If you are reading this, you probably already know that I really like bicycles. I frequently bike to work, and go on several rides each week. Two years ago I switched the type of saddle I ride. My current saddle is a Selle San Marco Ponza. I can easily ride on it for hours very comfortably. It had the bonus of being the stock saddle on several models of bikes sold at the local shop. Many people never use the stock saddle when they buy a new bike, so there are plenty of new ones in the take-off bin at the shop.


When I leave the lab early enough, I occasionally ride with the racing group from the local bike store. The usual route is to take the greenway out of town and do laps around the reservoir. This is a 60 kilometer ride plus 16 km per extra lap. I usually just try to stay with them as long as I can. The last ride I was able to go on, we took an alternate route that goes south 35 km to the nearest hill, then zigzags across it several times before heading back. The whole ride is 110 km or so. About 25 km from the end, my saddle started squeaking. Two kilometers from the end, one of the rails broke.

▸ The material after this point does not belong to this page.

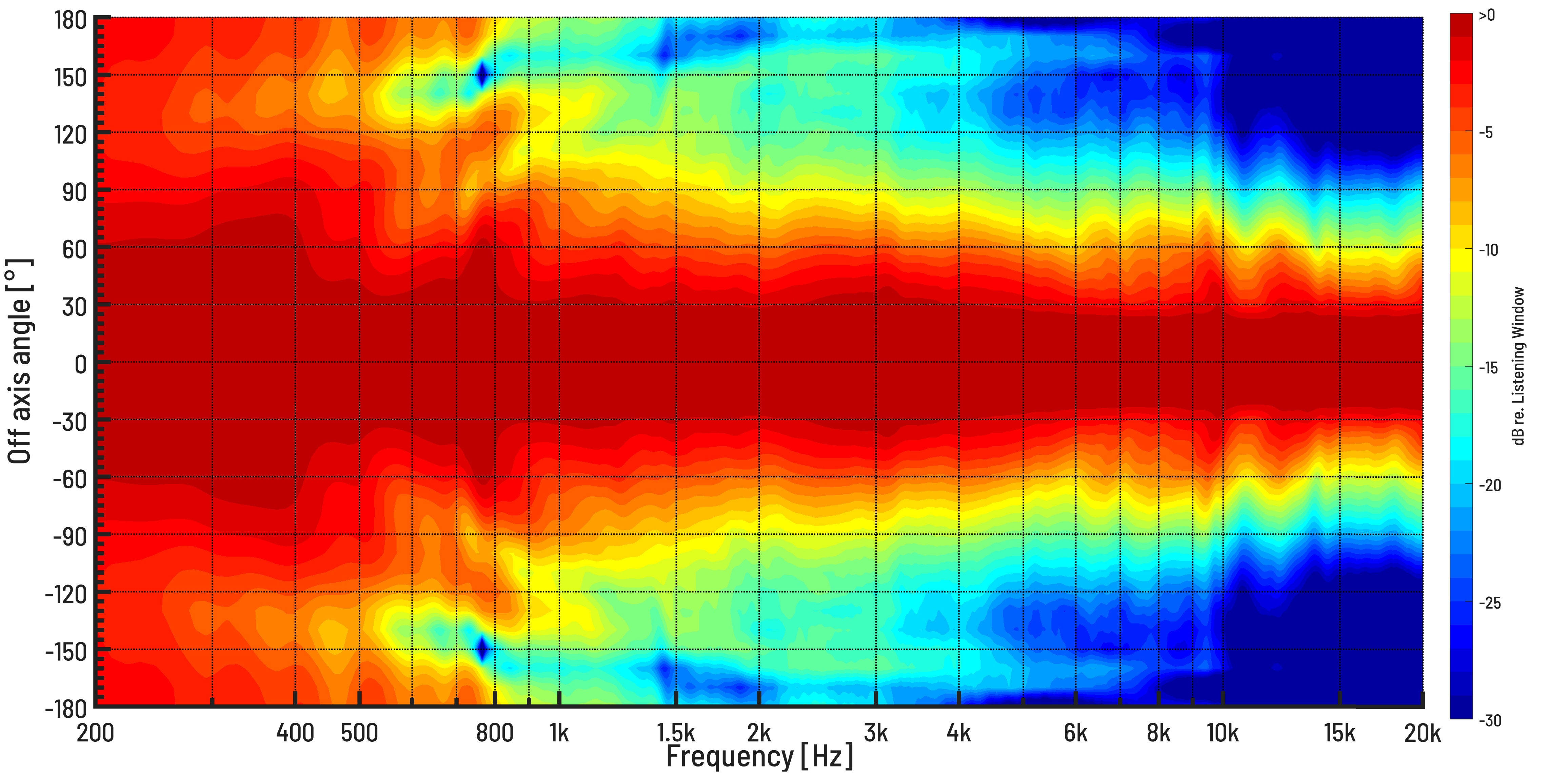The horizontal polar response at the tweeter height was recorded in 10-degree steps. The plot shows the response normalized to the Listening Window (i.e. average over 0-30 deg).

I’m glad it didn’t break until I was almost back. I up-shifted and finished the ride standing. I’m not sure why it broke. The split is just behind the clamp on the seatpost. This is probably the point where a seat rail is most likely to break. The break caused a burr along the end of the saddle clamp. I filed it down, then polished it so that it won’t damage my next saddle. This was the first time I removed the stock seatpost from my Cannondale CAAD8 bicycle. I was surprised at how light the shaft is, but how heavy the clamp is. With the closest hill being 35 km away, a few extra grams doesn’t matter.

Fortunately, I have an identical saddle on my commuter bike that I can put on my road bike, and a different saddle for my commuter. It is odd that it broke, but I’m glad I wasn’t further from home or in traffic.